Technical problem: The purpose of the present invention is to provide a method for preparing nano-microcapsules with a core-shell structure, in which drugs are encapsulated in nano-microcapsules, which have a higher drug loading capacity and good drug sustained-release performance.

Technical scheme: The novel core-shell structure nano-microcapsule proposed by the present invention is to prepare melamine-formaldehyde resin (MF) nano-microspheres by dispersion polymerization; A layer of negatively charged polyelectrolyte is wrapped on the surface of the nanosphere; and then a layer of positively charged polyelectrolyte is wrapped on the surface of the MF nanosphere that has been wrapped with a layer of negatively charged polyelectrolyte by electrostatic adsorption; finally The MF as a template was removed by acid etching, and stable core-shell nanocapsules were prepared. The nano-microcapsule with core-shell structure has a nanometer scale.

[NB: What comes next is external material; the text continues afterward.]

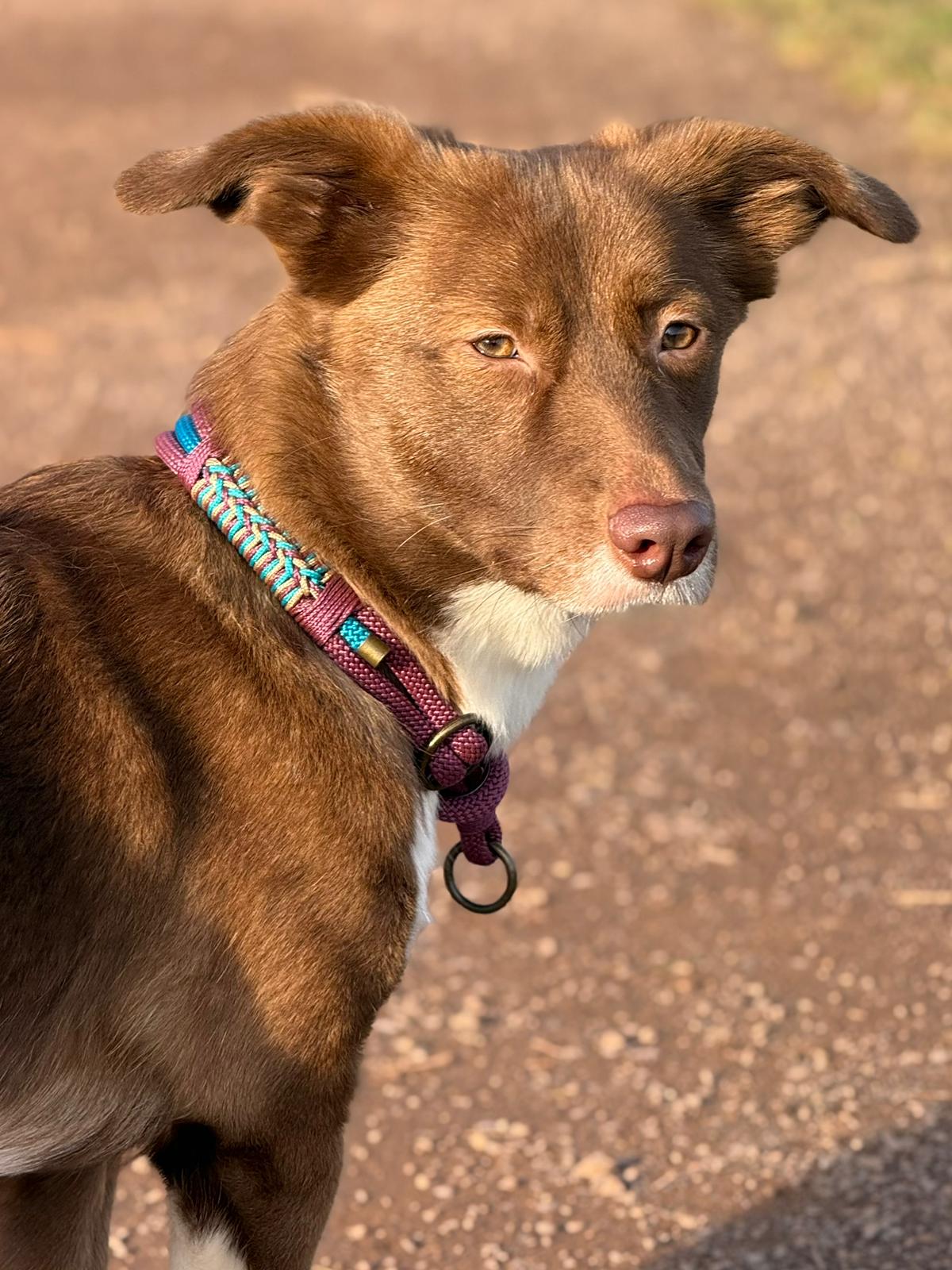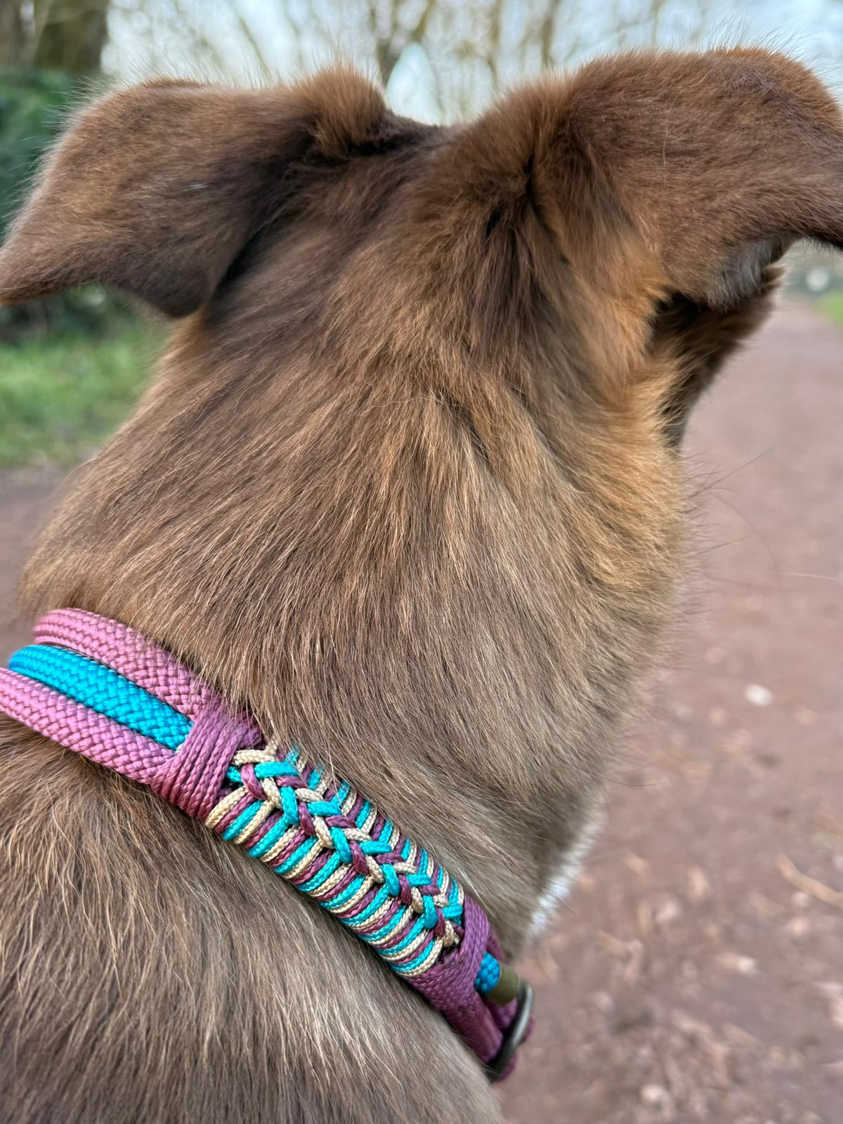 Akzentuiert wird das Design durch feine Umwicklungen in Petrol und Sand, die dem Halsband Tiefe und Lebendigkeit geben, ohne aufdringlich zu wirken. Die Farbkombination erinnert an Natur, Herbstlicht und klare Luft – harmonisch, zeitlos und dennoch besonders.

The preparation method of the above-mentioned core-shell structure nano-microcapsules is as follows:

(1) Add 2 to 5 g of melamine and 4 to 10 ml of formaldehyde solution into a three-necked flask, and stir for 0.5 to 2 hours in a water bath at 40 to 70° C. to obtain a prepolymer methylol melamine. Then, 0.2-2.0 g of polyvinyl alcohol is dissolved in 50-150 g of ultrapure water under a water bath at 40-70° C., and the pH value of the solution is adjusted to 3-5 with acetic acid. Add the above-mentioned polyvinyl alcohol into the prepolymer methylol melamine, react in a water bath at 40-70°C for 0.5-1.0 hours, ultrasonically disperse at 40-70°C for 5-10 minutes, and quickly cool with ice water. Centrifuge the obtained product at 4000rpm, remove the supernatant, add ultrapure water to redisperse, and then centrifuge, repeat this process 3 to 5 times, dry in vacuum to obtain MF powder, and store at low temperature.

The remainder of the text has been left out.